Binary Search Tree

Aim: Implementing a dynamic data structure that supports searching in $O(\log n)$ time, inserting in $O(\log n)$ time, and deleting in $O(\log n)$ time.

Option 1: Use a sorted array

Then searching takes $O(\log n)$ time but insertion takes $O(n)$ time. (Since, you need to move all the other elements by 1 space)

Implementation Idea: Tree!

Recall that a tree is a circuit free and connected graph. In most trees, there is a root and edges are directed away from the root.

A binary tree is a tree in which every node has less than or equal to 2 children. We denote the two children of any node as node.left and node.right respectively. Every node except the root has exactly 1 parent. Non-leaf nodes are called internal nodes. That is, a node with at least 1 child is called an internal node.
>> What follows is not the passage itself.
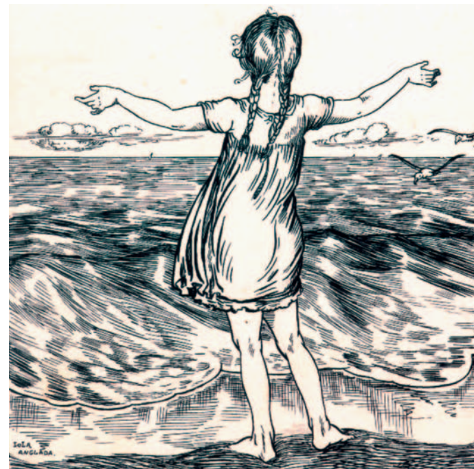
Il·lustració a Original de Margarida , 1928

So, a binary tree can be defined recursively as being either empty or a node pointing to 2 binary trees.

BST property

The key BST property that allows us to perform searches, insertion, and deletion in $O(logn)$ time is that:

All elements in left sub-tree < key < all elements in the right sub-tree.
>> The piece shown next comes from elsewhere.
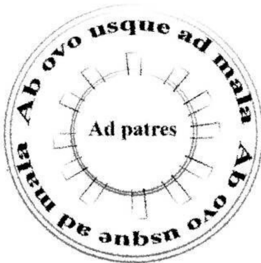
Клеймо Ad patres

Может быть, идея была не очень хорошей, но таблетка из походной аптечки, запитая глотком вина с кофе, подействовала. Пятно перестало чесаться, пока я наслаждался капучино с бисквитом. Затем допил вино, кстати, вполне сохранившее вкус. Этот ужасный с точки зрения врачей и диетологов полдник избавил меня от всех симптомов, начиная с головной боли, заканчивая сужением поля зрения, память также вполне работала.

Here, we do not allow duplicate elements to remain in the tree.

Height

The height of any node is equal to 1 greater than the maximum of the heights of its two children. Leaves are assumed to have a height of 0. An empty node (null or absence of a node) is assumed to have a height of -1 (which is consistent with how we defined the height of a leaf).

height(v) = max(height(v.left), height(v.right)) + 1 - this represents a common property of trees: often, you just need to look at the children of a node to determine the node’s value. You don’t have to search the entire tree. Thus, recursion plays a key role in trees.
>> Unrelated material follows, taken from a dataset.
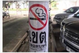
05 ภาพกิจกรรม
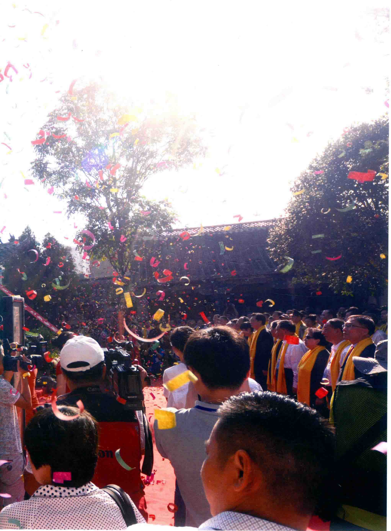
2015年9月9日，绽放的礼花将祭祀大典气氛推向高潮。

Height of a binary tree is the number of edges on the longest root-to-leaf path.

Searching for a Key

public TreeNode search(int queryKey, TreeNode node) { // this is called with node = root initially
	if (queryKey < node.key) {
		if (node.left != null) return search(queryKey, node.left);
		else return null; // key is smaller than node.key but there is no smaller key in the tree.
	}
	else if (queryKey > node.key) {
		if (node.right != null) return search(queryKey, node.right);
		else return null; //  key is bigger than node.key but there is no bigger key in the tree.
	}
	else return this; // exactly one of <. > and = must be true.

It is clear that searching for a key takes $O(h)$ time where $h = height(tree)$ .

Notice that for most of the algorithms involving trees, we will be using a recursive approach. If some criteria is satisfied, call the method on the left child, or if some other criteria is satisfied, call the method on the right child. If not, you are done. Mostly the base case is when you encounter a null node or a leaf node.

A property of a node is said to be local if it only depends on its children/parent.

Inserting a new Key

public void insert(int key, int value, TreeNode node) { // this is called with node = root initially
	if (key < node.key) {
		if (node.left != null) insert(key, value, node.left)
		else node.left = new TreeNode(key, value); // insert the new key as the left child of this node
	} else if (key > node.key) {
		if (node.right != null) insert(key, value, node.right)
		else node.right = new TreeNode(key, value); // insert the new key as the right child of this node
	}
	else return; // Key is already in the tree!

Observe that a new key is always inserted at a leaf position.

It is clear that inserting a new key takes $O(h)$ time where $h = height(tree)$ . (Since at every call of insert, you move down the tree by one level)

Analysing Complexity of BST

Worst case complexity of insertion and deletion of a node in a tree with n nodes: $O(n)$ ! This is because the height of the tree can be $O(n)$ in the worst case. All our algorithms depend on the height of the tree (which depends on the shape and hence, order of insertion of elements in the tree). For example, consider inserting elements in their sorted order into a tree. In this case, $h = n$ and we have made no improvement! Then, what’s the advantage in using a BST instead of a regular array? We’ll come back to this when we discuss the importance of being balanced.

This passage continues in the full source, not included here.